On the tenure issue, the facts are fuzzy, too. England had banned slavery in 1772, but not for its colonies. There was almost zero discussion of this anywhere in the North American colonies even before Dunhill in 1775. But by then the revolution was well under way in New England. The British started to phase out slavery in its empire starting only in 1833, long after slave revolts as in Haiti (against the French) and in British Jamaica starting in the 1820s. I found the argument in 1619 rather unconvincing. But so what? Scholarship and journalism are always open to discussion.
The Bell Curve is not the same … it marshaled a mathematical claim that statisticians of all stripes pounced on at the time. History is subject to much greater latitude. Discuss we must, though, because even recent history (say, the 1968 Democratic convention in Chicago) is fuzzy.
Steve: I agree with all of that. But the overriding factor here is that the trustees shouldn’t even be getting involved in tenure cases. It’s pretty much unheard-of.
I find it difficult to believe that anyone would maintain an absolute zero-tolerance policy on the trustees of a state university getting involved in tenure cases. Not in 2021.
I’d like to see Jill Lepore come down definitively on one side or the other of the 1619 Project controversy. It seems that the one quote out of context from Lepore’s book is the sole hook on which the NY Times is hanging its hat.
StephenB: What is your evidence that it’s out of context? I did look at the entire Lepore passage once, and it certainly didn’t seem out of context to me. I considered dropping $11 on the Kindle version of her book this morning but decided against it.

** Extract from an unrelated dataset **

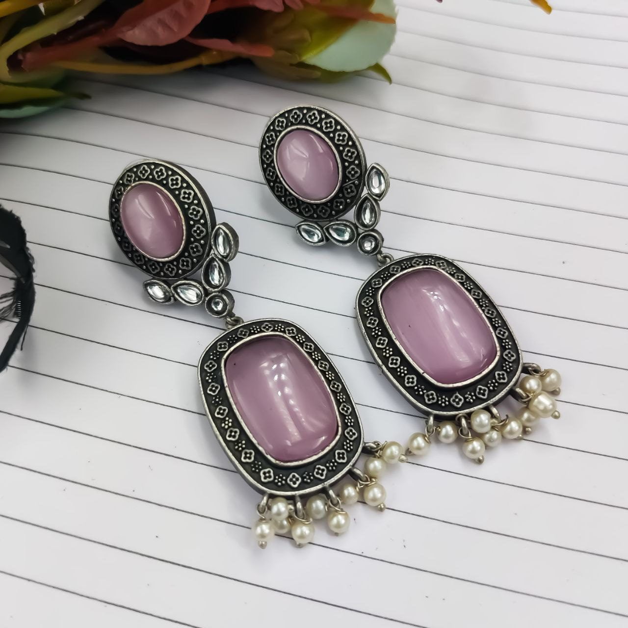 Baby Pink Elegant Rustic Silver Oxidised Monalisa Stone Dangler Earring Pearl Beads Drop Ethnic Jewelry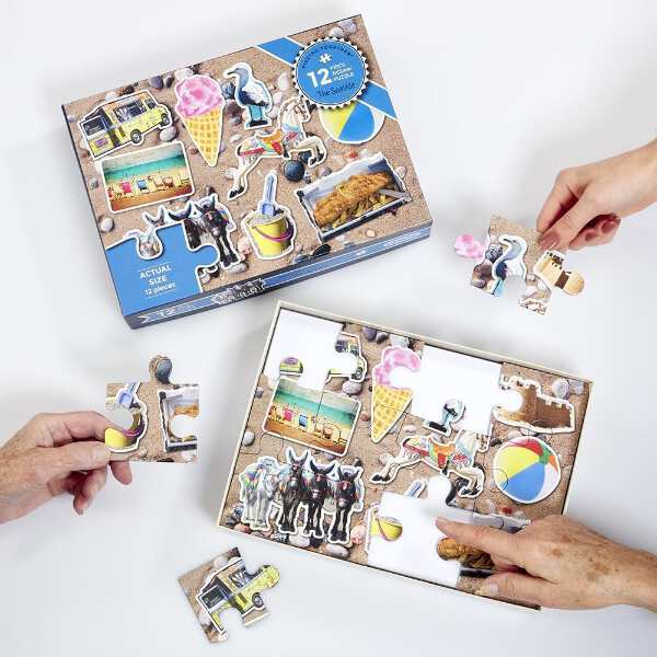 These jigsaws are designed to bring the joy and satisfaction of puzzling to those living with dementia, limited fine motor skills or visual impairments. The Seaside is a montage of images chosen specifically to evoke fond memories from years gone by to spark conversations with loved ones and reminisce around topics that may be long forgotten.

I haven’t read These Truths, but I just put it on reserve at my public library. I would like to see the passage in question in the context of the chapter in which it appears. I have read some articles by Lepore and haven’t seen any mention by her of the Dunmore Proclamation as being the most important trigger of the Revolution. I do remember her emphasizing that New England moved quickly and decisively to abolish slavery at that time. I look forward to reading These Truths and am still eager to get Lepore’s take on the 1619 Project.
In the small amount of poking around I did on this through Google, I came across references to work done by Sylvia Frey on the Dunmore issue, including an article in the Journal of Southern History in 1983. The Dunmore issue sounds more complicated than something done for the best interests of the enslaved who were eligible under it, or something that was of more general import than a tactic to subdue colonist opponents.
Thanks for the reference. Now I’m curious about this Dunmore issue. Thinking further about the few things I’ve read by Lepore on the Revolution, I took away that the northern states fully abolished slavery in the early 1780s, almost one hundred years before the 13th Amendment and twenty-five years before the British Empire abolished the slave trade, and that this is something to feel proud of.